Based on the method for rapidly adding UMI into the first primer to the fifth primer and the complete library preparation technology, the process comprises the following steps: 1. the template nucleic acid is extended using a first primer to obtain a complementary strand, and the UMI tag is introduced. 2. Adding a second primer to fully extend the complementary strand in step 1. 3. Deoxyuracil was digested using the UDG/UNG enzyme, and the first primer was digested. 4. Adding a third primer to perform amplification and enrichment on the product obtained in the step 2; and purifying the amplification product to remove system, redundant primers and genome pollution. 5. And (4) carrying out library construction amplification by using a fourth primer and a fifth primer, and adding a Barcode and a sequencing joint to complete library construction.
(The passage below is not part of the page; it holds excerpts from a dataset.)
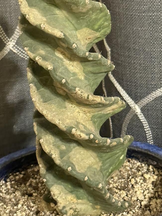 I spoke with a cactus expert about my spiral cactus recently (my cactus looks similar to yours) and he said that the spots were from under watering. He said that spirals are a bit thirstier than some other types of cacti.
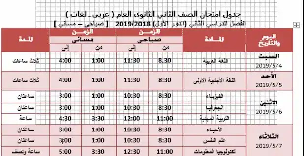 ننشر جدول امتحانات الصف الثاني الثانوي 2019 الترم الأول لجميع المحافظات
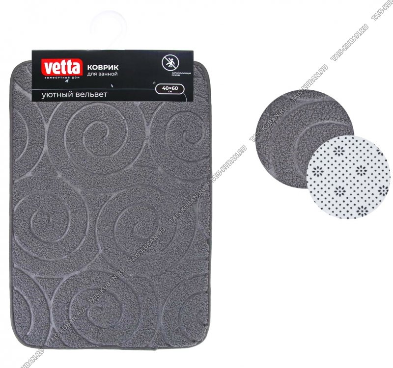 Коврик "Уютный вельвет" (40х60см) "Завиток" графит,основа h0,8см "губка вспенен",противоскольз (5)
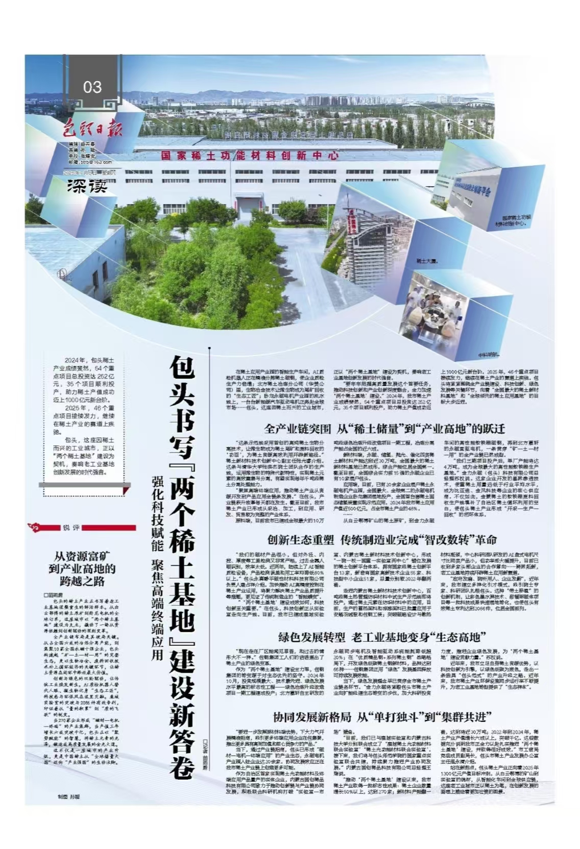 当下,绿色发展理念早已贯穿全市稀土产业链各环节。“金力永磁将紧跟包头市稀土产业向扩能级建生态转变的步伐,加大科研投资力度,推进企业绿色发展,为‘两个稀土基地’建设贡献力量。”苏权说。
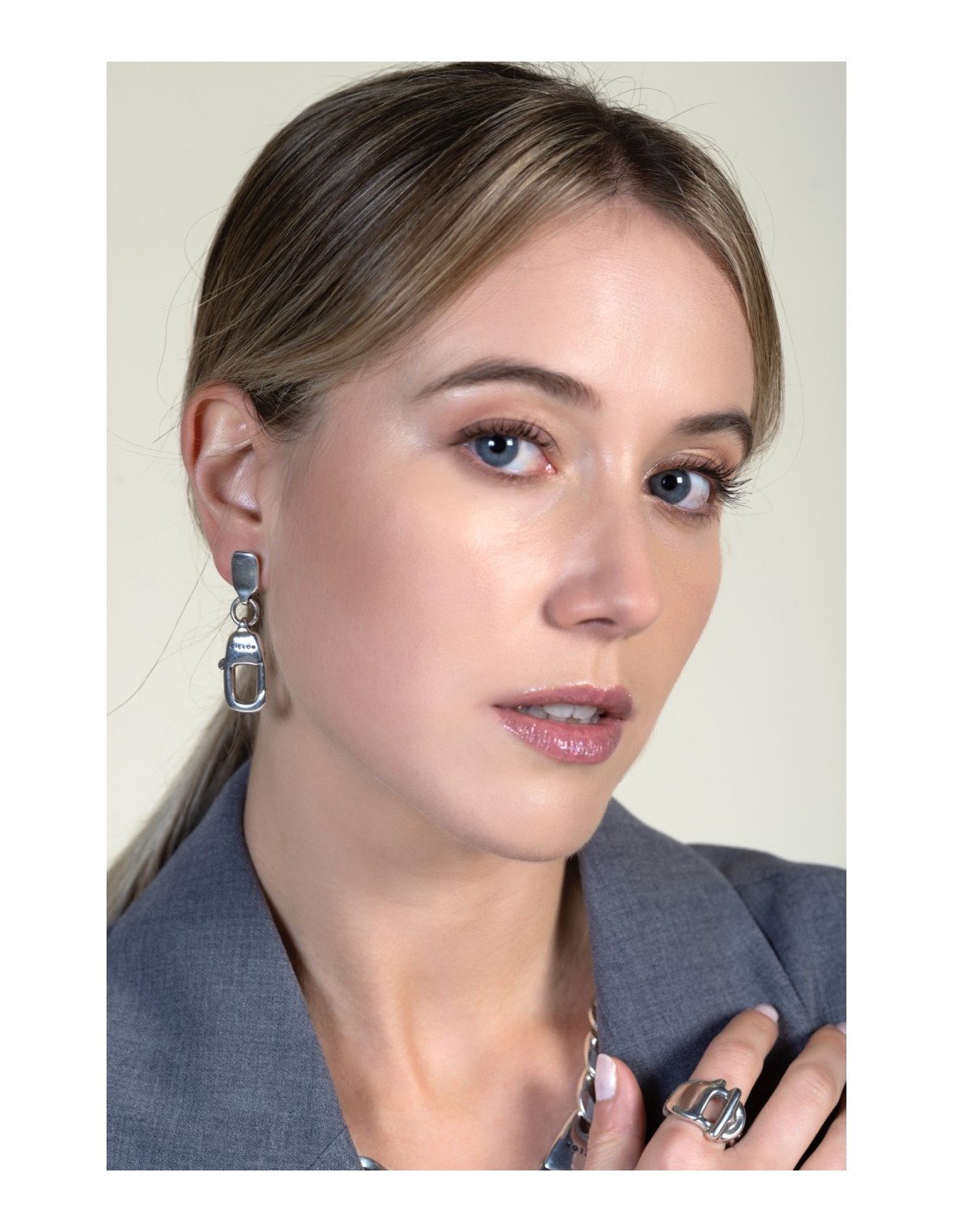 Ils réinterprètent le motif mousqueton en version pendante, apportant mouvement et légèreté. Le plaqué argent met en valeur son éclat subtil et accompagne chaque geste de reflets délicats. Fabriqués artisanalement à Madrid, ils allient design contemporain et esprit urbain. Le fermoir à pression assure une fixation confortable et sécurisée. Un bijou pensé pour exprimer le caractère avec naturel.
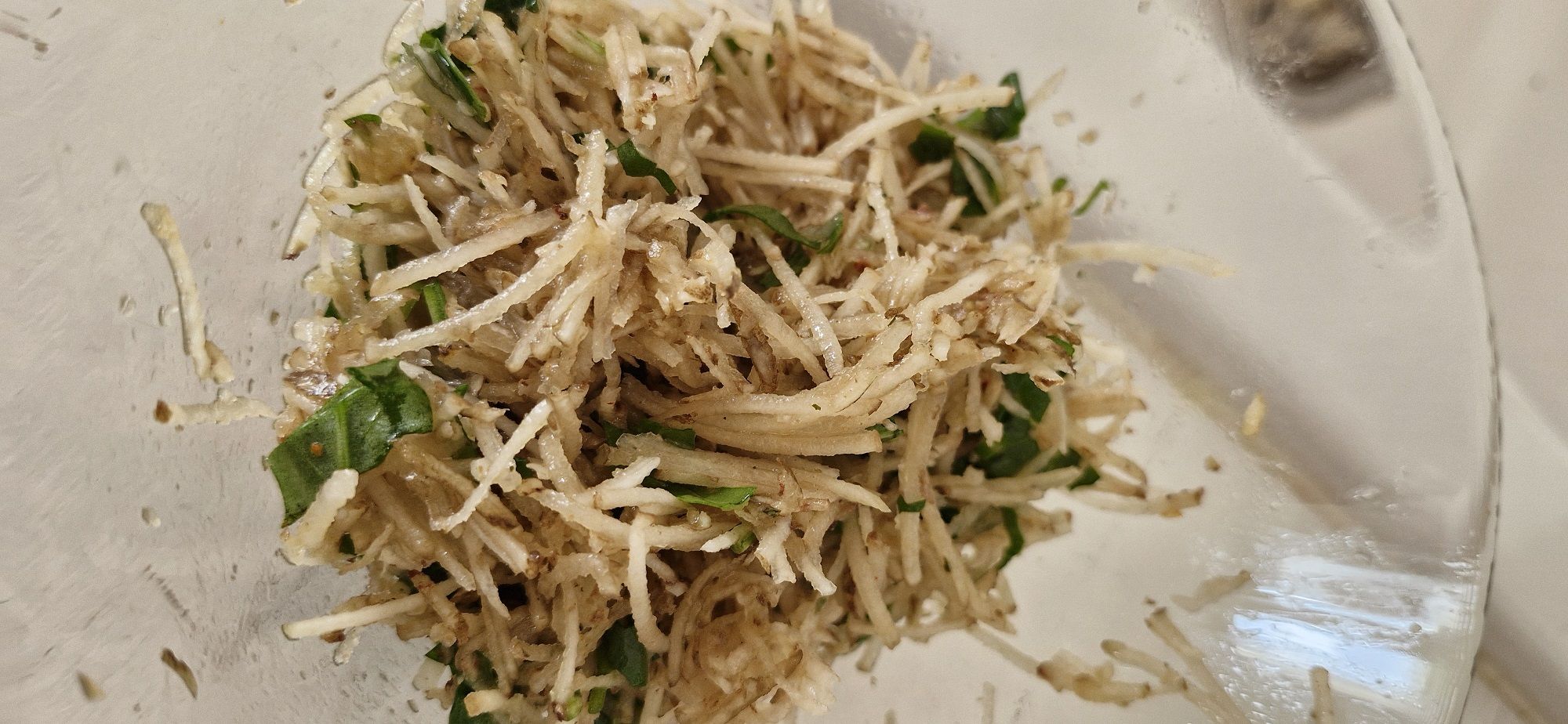 Topinambur fein reiben. Salz, Pfeffer, Olivenöl, Zitronensaft und fein geschnittenen Rucola dazu… Voilà. Mal etwas anderes!
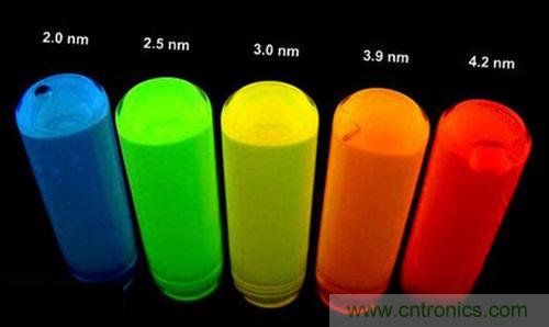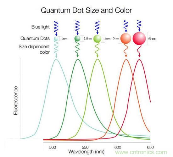 而傳說中的量子點顯示技術就是對背光方案做出變革:所謂的量子點,可以簡單認為是長寬高都在100nm以下的材料(幾個原子的大小),這(zhe)種(zhong)極(ji)小(xiao)的(de)半(ban)導(dao)體(ti)晶(jing)體(ti)在(zai)激(ji)發(fa)後(hou)可(ke)以(yi)發(fa)光(guang),至(zhi)於(yu)究(jiu)竟(jing)是(shi)怎(zen)麼(me)發(fa)光(guang)的(de),那(na)是(shi)科(ke)學(xue)研(yan)究(jiu)範(fan)疇(chou),這(zhe)裏(li)不(bu)做(zuo)討(tao)論(lun)。比(bi)較(jiao)靠(kao)譜(pu)的(de)一(yi)個(ge)結(jie)論(lun)是(shi),量(liang)子(zi)點(dian)的(de)大(da)小(xiao),與(yu)其(qi)所(suo)發(fa)出(chu)光(guang)的(de)能(neng)量(liang)強(qiang)度(du)(波長)成正比。也就是說,量子點的直徑越小,激發後的光波長越短,也就是顏色偏藍,直徑越大則激發後的光波長越長,也就是顏色偏紅。
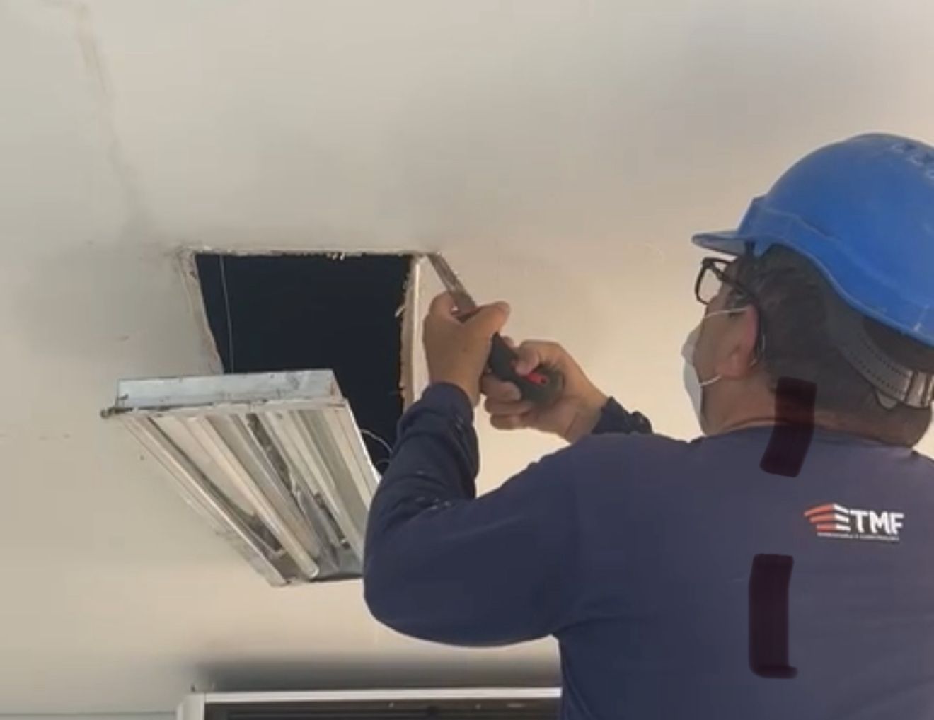 A foto mostra um profissional realizando reparos na estrutura elétrica no teto de uma sala. Ele utiliza equipamento para recorte no forro de gesso.

Specifically, the technical process is described in detail as follows:
the first step is as follows: introduction of UMI tag, template complementary strand extension:
the template nucleic acid, e.g.DNA/cDNA, containing the target region is taken in a total amount of 1-100ng, preferably genomic DNA as template, preferably in an amount of 100 ng.
Preparing an extension system: commercially available PCR amplification kits or self-developed PCR amplification kits can be used, the major components of which can include but are not limited to: DNA polymerase, Mg ions, dNTPs and a buffer system.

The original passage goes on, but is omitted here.